A few days after the octuplets' birth, news about their mother began to leak out. We have learned that Nadya Suleman, 33, is a single, unemployed woman who already has six children between the ages of 2 and 7 (one of whom suffers from autism). The father of her new brood is reportedly a friend who donated his sperm, and Suleman is said to be hoping that Oprah Winfrey will pay her $2 million to appear on her program.


Maybe the party was premature.


Ms. Suleman was probably poorly served by whatever doctor agreed to transfer so many embryos into her uterus at once — though it isn't altogether clear how many were transferred. It is possible (though rare — one in 250) for one or more embryos to spontaneously divide and form identical twins. Still, in all likelihood, too many frozen embryos were transferred. Her mother (none too happy apparently at the added burden of all these grandchildren) told the press that her daughter had used embryos from previous in vitro attempts. Also according to the grandmother, when it became clear that so many babies were developing, the fertility doctor had advised Suleman to "selectively" abort some of them to improve the chances for the others. This, for understandable reasons, she declined to do. It is a stain on the assisted reproduction industry that any parent is ever asked to make such a choice — to kill one child for the sake of another.


Still, if her fertility doctor ill-served her, so did her society, by treating childbearing as a kind of self-expression. "She was obsessed with having children since she was a teenager," we learned from her friends. Well, fine. But she was clearly not obsessed with creating the proper environment in which to raise children. That environment would include, just for starters, a husband. An income would be nice as well, as would her own home.

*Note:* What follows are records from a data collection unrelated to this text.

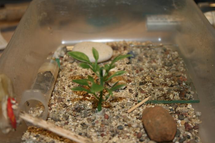Насыпал мелких камушков, убрал весь мусор поставил новую кормушку для сиропа:
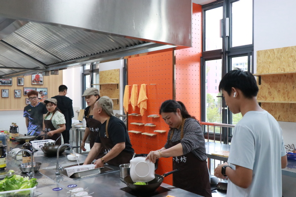后勤管理处、后勤集团组织新生与家长在学校共享厨房亲手制作“入学第一顿家宴”,并为当天报到的新生寿星准备了寓意万事顺遂的生日面,传递“学校即家”的温暖理念。
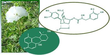Two uncommon compounds, a meroterpene naphthoquinoid (cordiaquinone P) and a new lignan derivative were isolated from the roots of Cordia leucocephala. Their structures, including the relative stereochemistry, were determined by spectrometric methods.
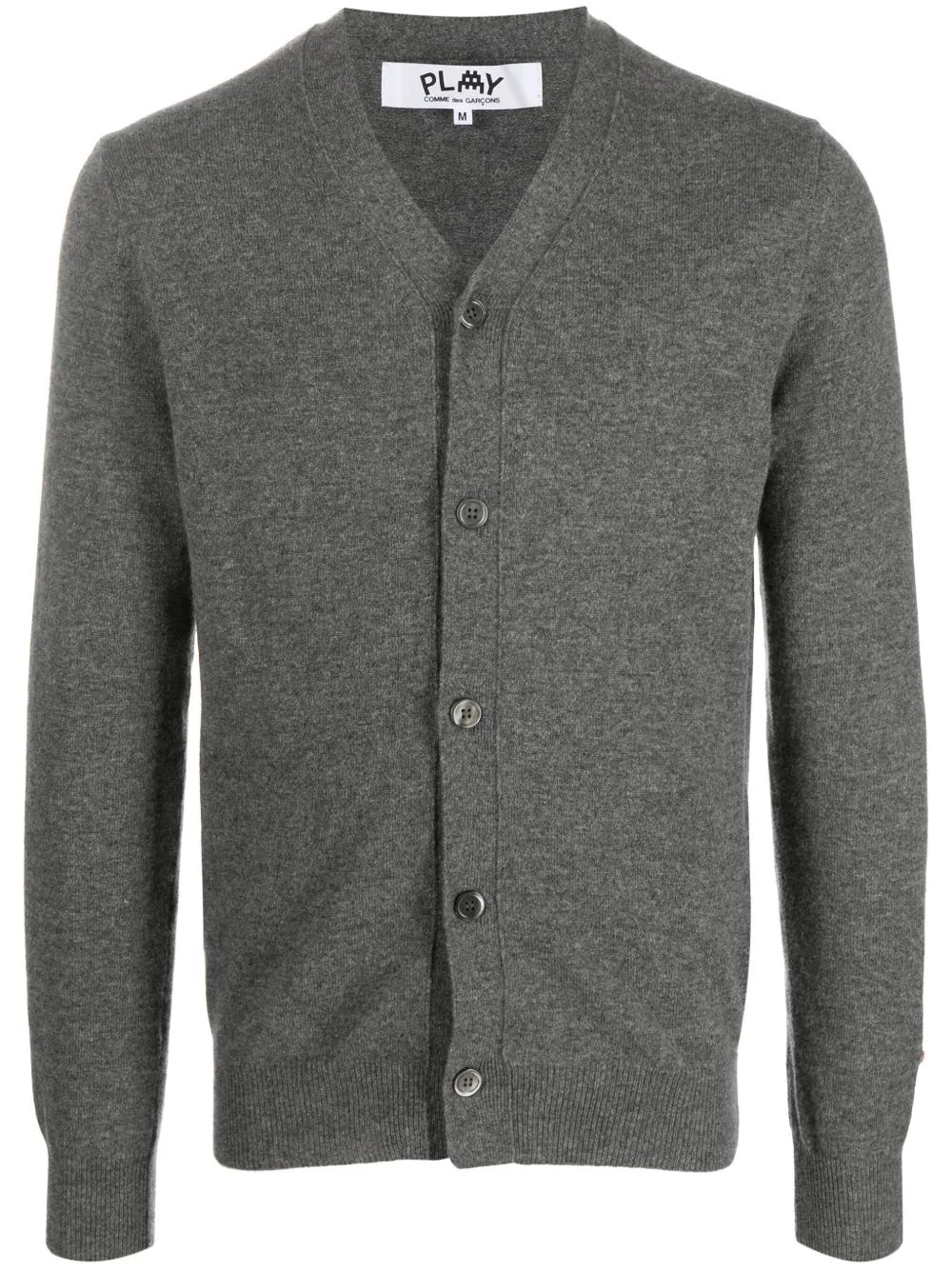 x the Artist Invader wool cardigan Comme des Garcons Play is famed for adding cheeky touches to everyday pieces. This cardigan is the perfect example. Designed in collaboration with the Artist Invader, it features an applique logo inspired by the classic Space Invaders game. Highlights - Medium grey - Wool - Fine knit - Applique logo - Ribbed trim - V-neck - Front button fastening - Long sleeves - Straight hem Imported Composition Wool 100% SIZE & FIT Model measurements Height 6 ft 2 in(1.87 m) Bust/Chest 38.18 in(97 cm) Hips 36.61 in(93 cm) Waist 29.13 in(74 cm) Measurement CHEST 36.22 in(92 cm) LENGTH 24.8 in(63 cm) SLEEVE LENGTH 24.8 in(63 cm) Shoulder Width 14.56 in(37 cm)
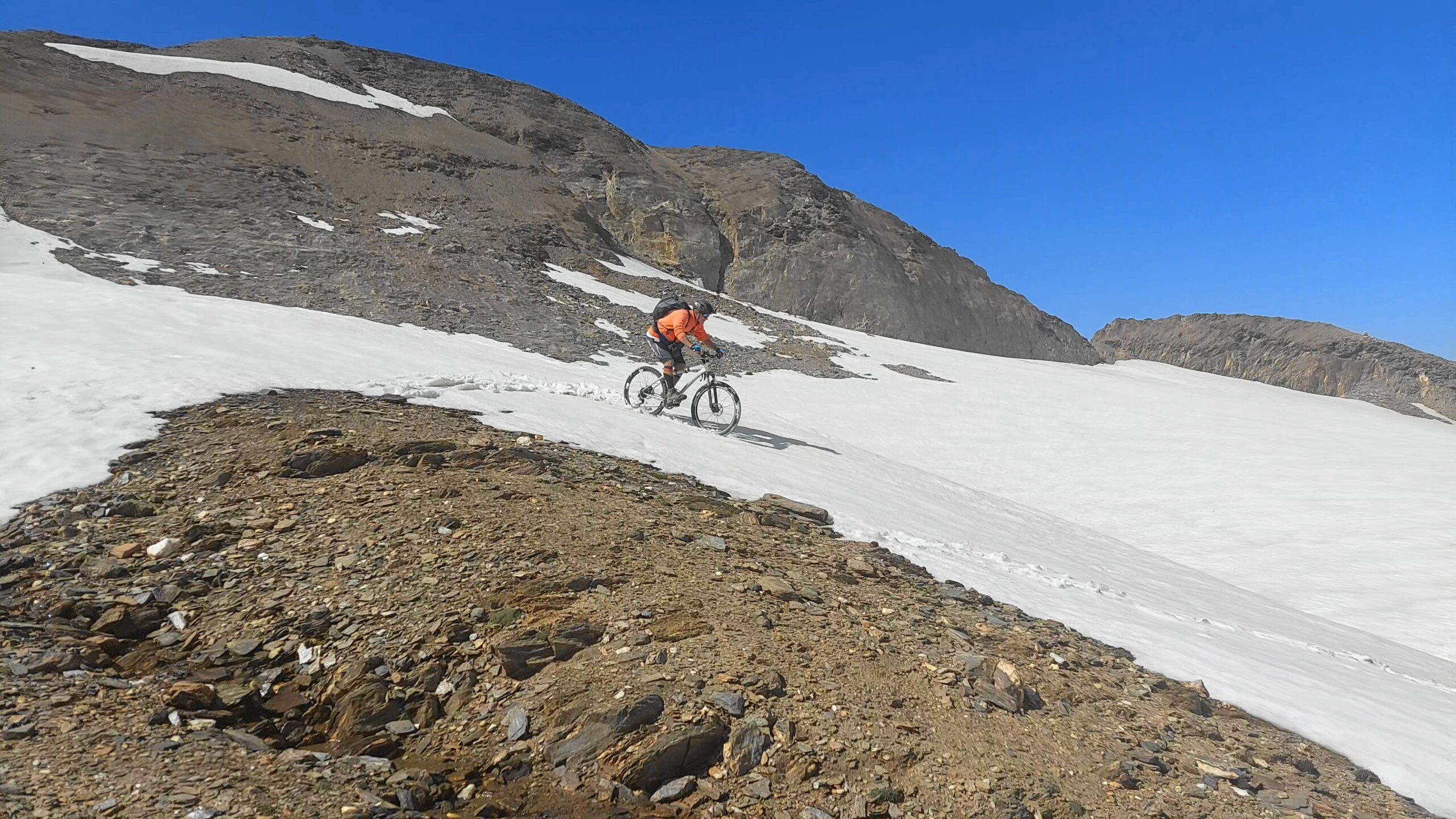 poi di nuovo in sella sulla piana in direzione W , perdita di 50m e di nuovo su oltre i 2500mt del ex Rifugio Mores, discesa sulla diga e poi 50% di pedalata all’inizio esposta fino ai 2700mt del Rif. Claudio e Bruno, poi ancora pedali fino a 2750mt. Da qui spinta ed a tratti spalla fino in vetta salvo qualche pedalata 20% circa.
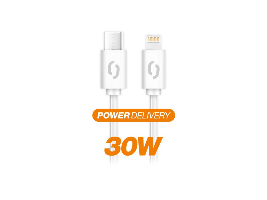 Dátový kábel ALIGATOR POWER 30W, USB-C/Lightning 3A, 2,5 m biely
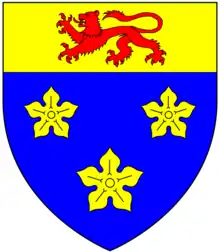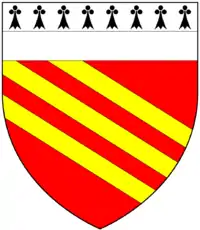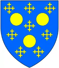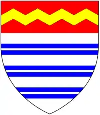 Clapham[10] Argent, on a bend azure six fleurs-de-lys or, two, two and two Barnstaple; (Beamsley Hall,[lower-alpha 9] Yorkshire)
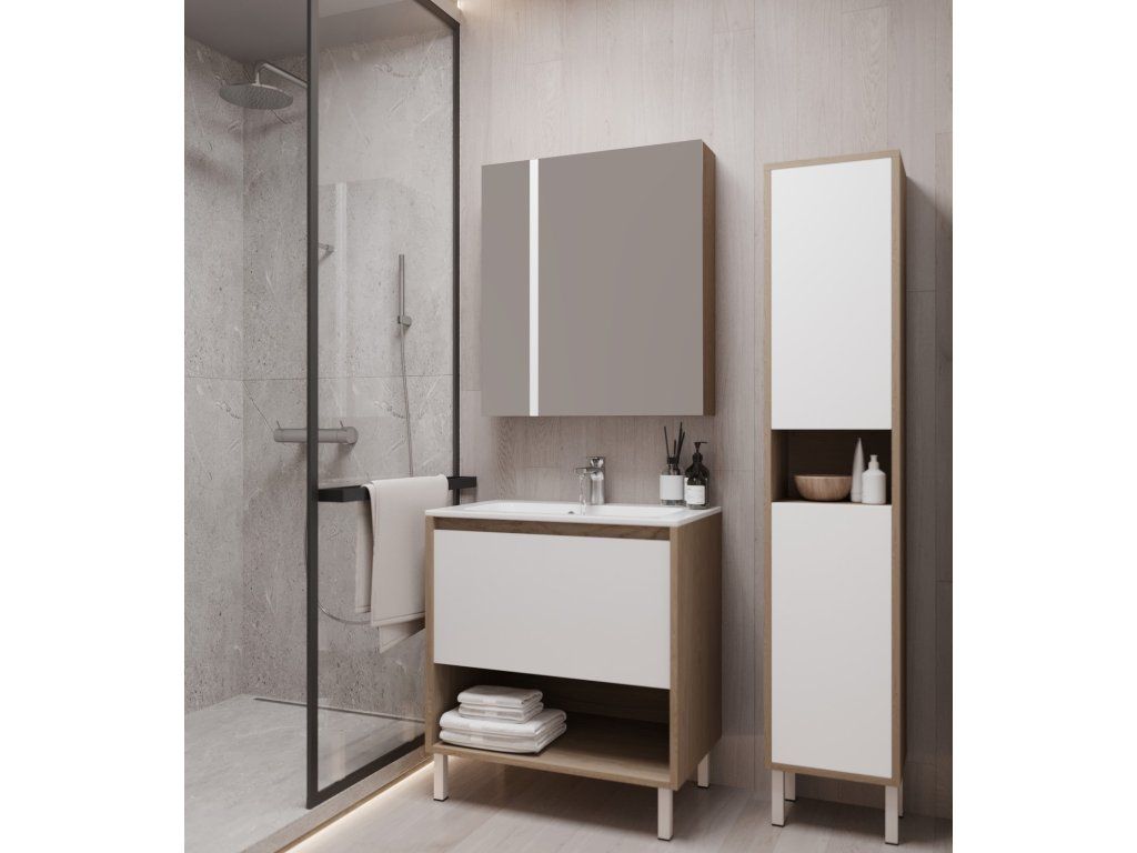 Predstavujeme vám luxusný kúpeľňový nábytok, ktorý zaujme najmä zaujímavým dizajnom. Táto absolútne dizajnová vysoká skrinka by rozhodne nemala chýbať v žiadnej modernej štýlovej kúpeľni. Bočnice skrinky a celá konštrukcia sú vyrobené z MDF dosky s hrúbkou 16 mm. Povrchová úprava je navrhnutá v dekore dreva s bielym moridlom. Veľkou výhodou tejto skrinky je jej tiché zatváranie, vďaka ktorému je používanie skrinky absolútne pohodlné. Pocíťte výhody a úložný priestor, ktorý vám táto skrinka poskytne.

But movie and sports stars don't do those things, nor even members of Congress these days. Consider Rep. Linda Sanchez, who represents the district in which Suleman lives. She announced last November that she is pregnant, though single. "I don't know how it'll be received," Sanchez told the Los Angeles Times. "I hope people will recognize that to be able to plan that in your life — I don't think that marriage and childbirth are black and white. There are certain instances in which you have to do things in reverse order." Yes, well, she needn't have worried. Everyone was totally understanding. No marriage yet either.


People think the old stigma about unwed childbearing was all about sex. It wasn't. It was about children and what's best for them. Of course some women want babies the way others crave shoes, but babies are not, or at least shouldn't be treated as, consumables. Badly done all around.